Wow! That is fascinating! They look well cleaned. I guess you smoke them to 160℉ or less and let them sit to rise to 165℉? The cook must go fast at that size, I'm guessing, like an hour or so. I hope the smoke turns out great! I am definitely watching.

Beautiful dog you've got too. What kind of dog is Boudreaux? I'm curious because my dog looks just like that. She is a rescue from somewhere in the South, and I have a suspicion that she was meant to be a hunting dog.


----------



## gmc2003 (Jul 21, 2018)

My dog skidmark would do the pointing just fine. However once he was done telling me where the bird was he'd try to get it for himself. Sometimes he succeeds sometimes not so much, but it's fun watching him. Looking forward to the smoke.

Chris


----------



## jbk (Jul 21, 2018)

KrisUpInSmoke said:


> This is something totally new!
> 
> Wow! That is fascinating! They look well cleaned. I guess you smoke them to 160℉ or less and let them sit to rise to 165℉? The cook must go fast at that size, I'm guessing, like an hour or so. I hope the smoke turns out great! I am definitely watching.
> 
> Beautiful dog you've got too. What kind of dog is Boudreaux? I'm curious because my dog looks just like that. She is a rescue from somewhere in the South, and I have a suspicion that she was meant to be a hunting dog.

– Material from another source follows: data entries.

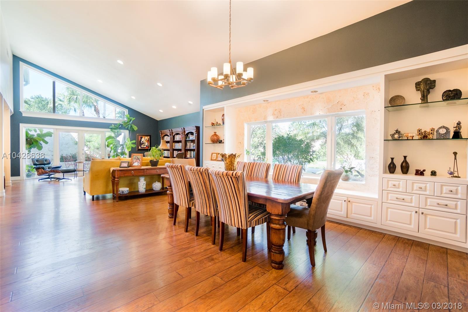 Nestled in the beautiful community of Pine Bay Estates is this stunning & impressive estate home situated on expansive corner lot. The home features a grand & welcoming double door entrance which opens to a foyer w/ vaulted ceiling which continues through the main living areas. Contemporary style layout with open kitchen to family room great for entertaining guests & family that also overlooks the pool. Split layout & beautifully appointed master suite with private courtyard and tons of natural light. The backyard is one of the homes best features & has a huge patio w/ double ceiling height.The home has been completely remodeled within the last 10 years & features impact windows, stainless steel appliances, wet bar, loft area used as an office & large bedrooms. Call for private showing!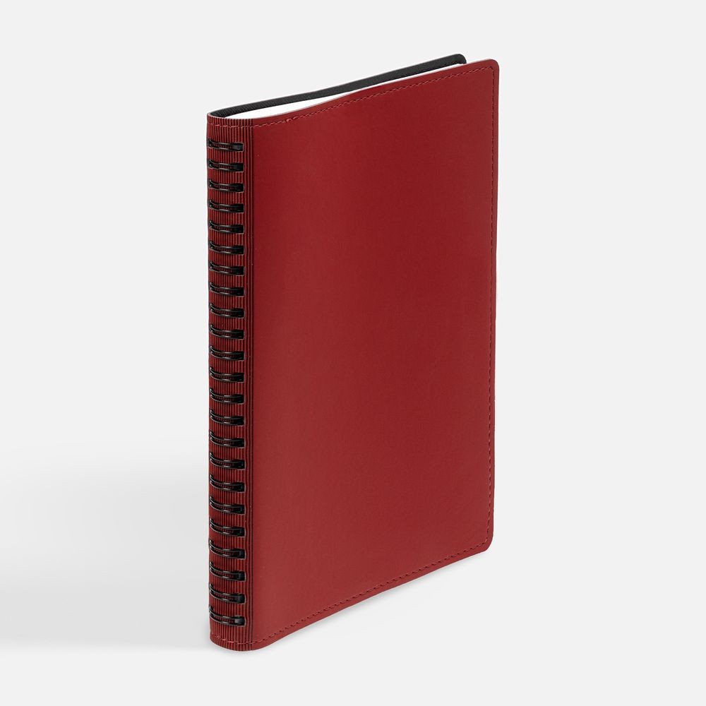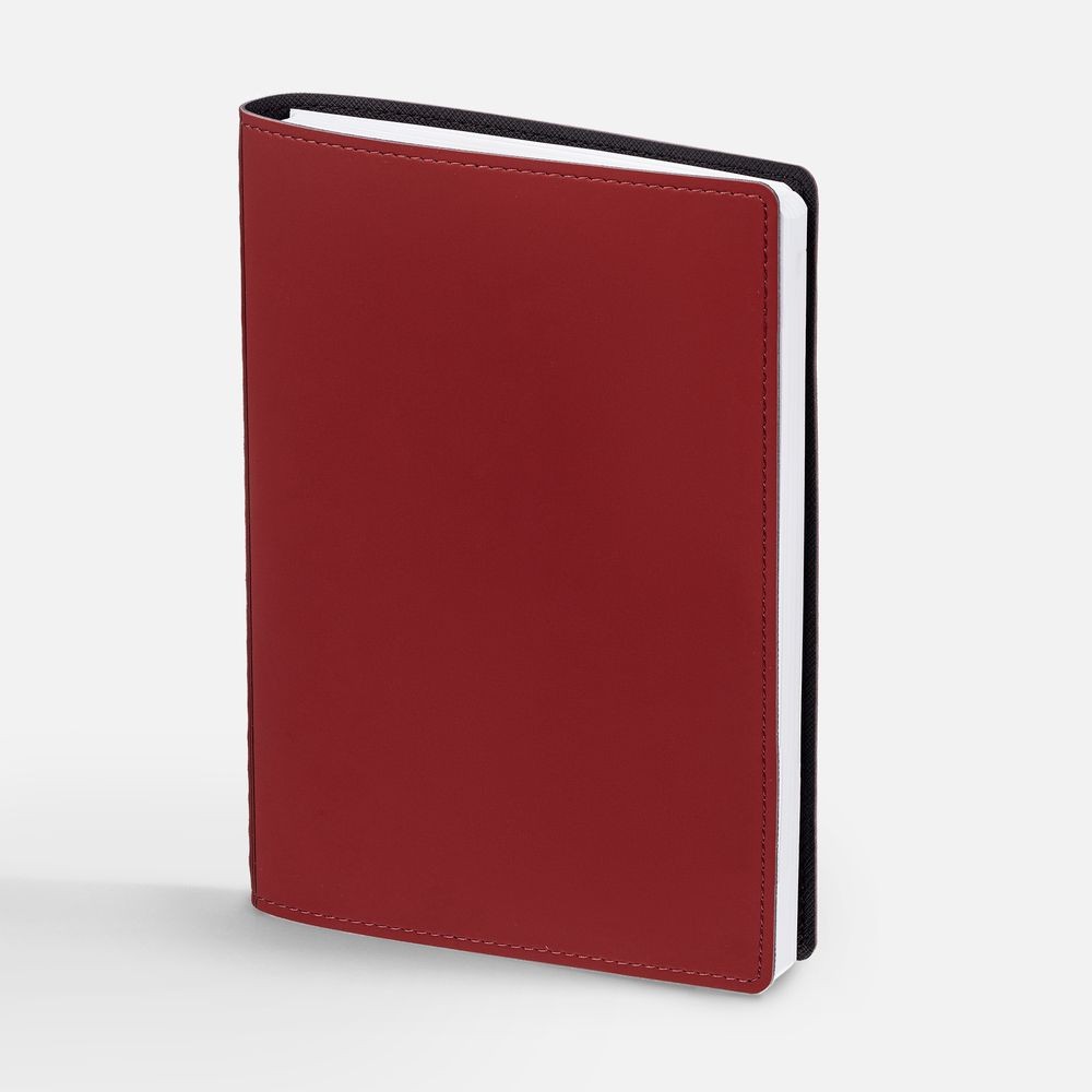 Ежедневник с гибкой обложкой, выполнен из материалов Soft Touch, красный РР и Nice Touch, черный АА.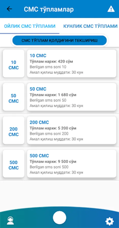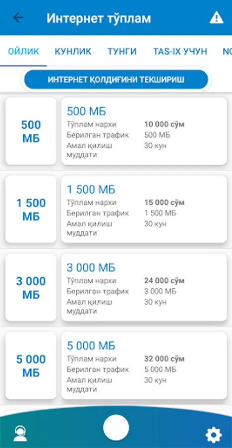 * Internet, sms va ovozli paketlarni faollashtirish,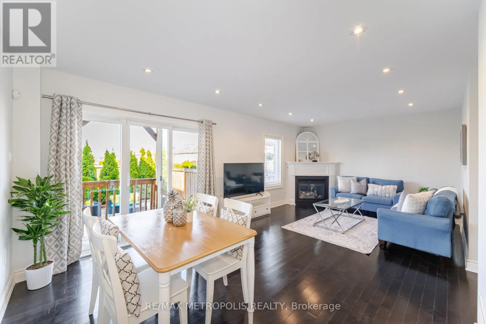 Bronte & Westoak Trails Welcome To This Charming 3-Storey Freehold End-unit Townhome In Oakville, This Beautiful freshly painted Home Features A Cozy Living Rm And Dining Area With Large Windows, 9 foot ceiling, With more than 2000 sq ft of sun-soaked, spacious living space, Modern white Kitchen With quartz countertops & SS Appliances with a walkout to a deck overlooking a vast green space. Brand new ZEBRA blinds in 2nd floor, The Primary Bedroom Boasts a Custom Walk-In Closet, Providing Plenty of Storage Space, Two Cozy Bedrooms With Ample Closet Space, And Two Full Bathrooms Plus A Powder Room. The Home Features Pot lights & dark hardwood Throughout, Adding A Touch Of Elegance And Style. walkout to a patio Ground floor with a spacious family rm and a Gas fireplace, fully fenced backyard, providing the perfect space for relaxing and entertaining outdoors. This Home Is Located In A Desirable Area Of Oakville, Close To Local Amenities, Parks, And Schools. (id:27476)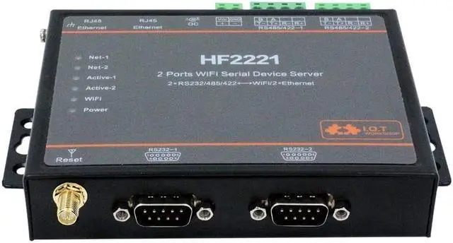 Support 2 channel RS232/RS422/RS485 to Ethernet/Wi-Fi Conversion, Serial Speed Upto 230400 bps.

yea I'll cook till 160 for about and hour. boudreaux is a Hungarian Vizsla. he is on the small side for breed. but it helps running in Mexico heat.


----------



## jbk (Jul 21, 2018)

gmc2003 said:


> My dog skidmark would do the pointing just fine. However once he was done telling me where the bird was he'd try to get it for himself. Sometimes he succeeds sometimes not so much, but it's fun watching him. Looking forward to the smoke.
> 
> Chris


boudreaux is steady to wing and shot. he breaks for retrieve when bird is hit and starts to fall. he has been getting lazy since season has been over. getting sent to trainer next weekend. he will tighten back up when season opens


----------



## chopsaw (Jul 21, 2018)

I was gonna ask if that was a Vizsla . I knew a guy that had one , never hunted over him . Used to train and hunt over German Short hair pointers . Hunted Chukar one time . Great times good eatin .


----------



## jbk (Jul 22, 2018)

chopsaw said:


> I was gonna ask if that was a Vizsla . I knew a guy that had one , never hunted over him . Used to train and hunt over German Short hair pointers . Hunted Chukar one time . Great times good eatin .

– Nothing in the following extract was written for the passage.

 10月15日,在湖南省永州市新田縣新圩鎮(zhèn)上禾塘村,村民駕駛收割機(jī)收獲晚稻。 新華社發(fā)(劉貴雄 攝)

it's a shame he never hunted that Vizsla. these dogs are athletes. GSP are good dog just different, more knuckle heads, lol


----------



## jbk (Jul 22, 2018)

ok first run of chukar is done. I had to do 2 runs cause the wife wanted tri tip on the bottom rack. I smoked it over mesquite. the whole chukar took a little longer than the breast meat. it's delisous the breast meat is what's left after 16 year old was picking threw it.


----------



## chopsaw (Jul 22, 2018)

Looks good .


----------



## KrisUpInSmoke (Jul 22, 2018)

Yes, it does look delicious! It looks like really nice, good meat. What's it look like on the inside, cut open? I expect it looks like chicken breast, since you said it's like a sweeter chicken.
This was really cool to see! And, even better for you all to eat, I hope...:)... Keep it coming!


----------